:: AVAILABLE RECORDS ::

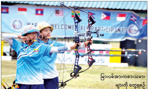
မြားပစ်အားကစားသမားများကို တွေ့ရစဉ်
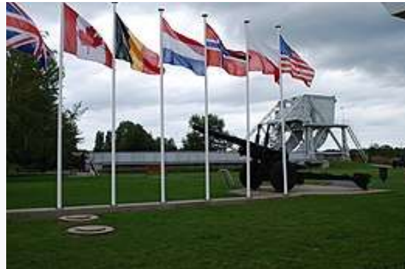
F | Wikipedia
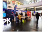
Stoisko informacyjne Rzecznika Praw Pasażera Kolei w holu głównym dworca Warszawa Centralna
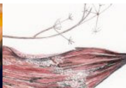
Bois du jour
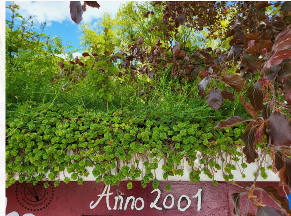
Dachbegrünung in einem Garten
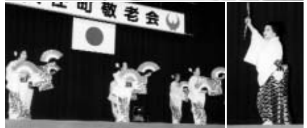
▲ 多彩な余興に、笑い声や拍手が飛び交っていました
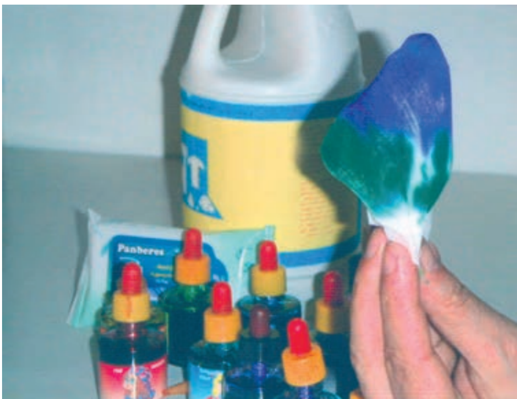
▲ تصویر ۵۶- الف - نشان دهنده مرحله دوم رنگ آمیزی با جوهرهای رنگی و پاک کننده است.
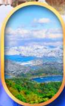
ทะเลสาบมิกะตะ
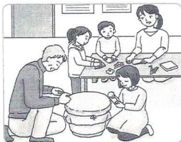
「あすばる」での活動の様子
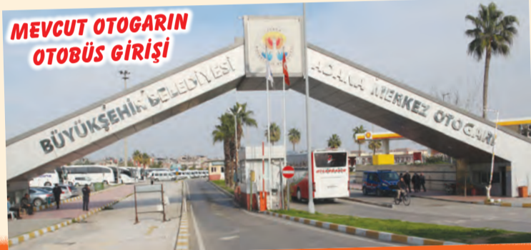
MEVCUT OTOGARIN OTOBÜS GİRİŞİ

Mevcut Otogarın Adana'ya yakışmadığını, daha modern ve çağdaş bir otogarın en kısa sürede kente kazandırılması gerektiğini belirten birçok haberi gazetemiz sütunlarına taşımıştık. 5 Ocak Gazetesi olarak haberlerin fikri takibini yapmaya devam ediyoruz
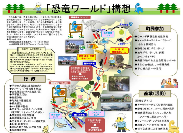
図-12 むかわ町「恐竜ワールド構想」（概要）

これらの計画を推進する基本戦略の一つとして、むかわ町内で発見された恐竜ハドロサウルス科に属する国内屈指の全身骨格化石などにより観光振興を図ることを目的に「恐竜ワールド構想（平成27年12月）」が策定されている（図-12）。構想では、「まちの魅力をみがく」「まちの魅力をみがいて交流人口を拡大する」を目標として掲げ、行政（学術研究含む）・町民参加・産業活用による町の活性化、観光入込客数増加に期待している。また、鶴川流域に沿うようにむかわ町全域をステージとした展開を推進することとしており、地域の構想に鶴川が大きな役割を担っている。
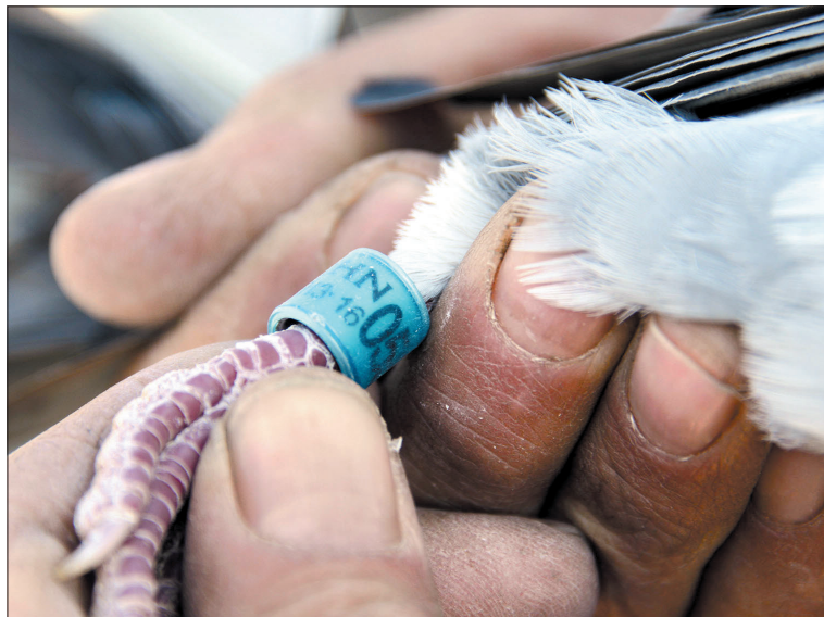
足环是鸽子的“身份证”

:::

▸ **YOUR ASSIGNMENT**:
With the pictures excluded, the records are to be reproduced exactly.

▸ **RESPONSE FOR THIS EXERCISE**:
မြားပစ်အားကစားသမားများကို တွေ့ရစဉ်
F | Wikipedia
Stoisko informacyjne Rzecznika Praw Pasażera Kolei w holu głównym dworca Warszawa Centralna
Bois du jour
Dachbegrünung in einem Garten
▲ 多彩な余興に、笑い声や拍手が飛び交っていました
▲ تصویر ۵۶- الف - نشان دهنده مرحله دوم رنگ آمیزی با جوهرهای رنگی و پاک کننده است.
ทะเลสาบมิกะตะ
「あすばる」での活動の様子
MEVCUT OTOGARIN OTOBÜS GİRİŞİ

Mevcut Otogarın Adana'ya yakışmadığını, daha modern ve çağdaş bir otogarın en kısa sürede kente kazandırılması gerektiğini belirten birçok haberi gazetemiz sütunlarına taşımıştık. 5 Ocak Gazetesi olarak haberlerin fikri takibini yapmaya devam ediyoruz
図-12 むかわ町「恐竜ワールド構想」（概要）

これらの計画を推進する基本戦略の一つとして、むかわ町内で発見された恐竜ハドロサウルス科に属する国内屈指の全身骨格化石などにより観光振興を図ることを目的に「恐竜ワールド構想（平成27年12月）」が策定されている（図-12）。構想では、「まちの魅力をみがく」「まちの魅力をみがいて交流人口を拡大する」を目標として掲げ、行政（学術研究含む）・町民参加・産業活用による町の活性化、観光入込客数増加に期待している。また、鶴川流域に沿うようにむかわ町全域をステージとした展開を推進することとしており、地域の構想に鶴川が大きな役割を担っている。
足环是鸽子的“身份证”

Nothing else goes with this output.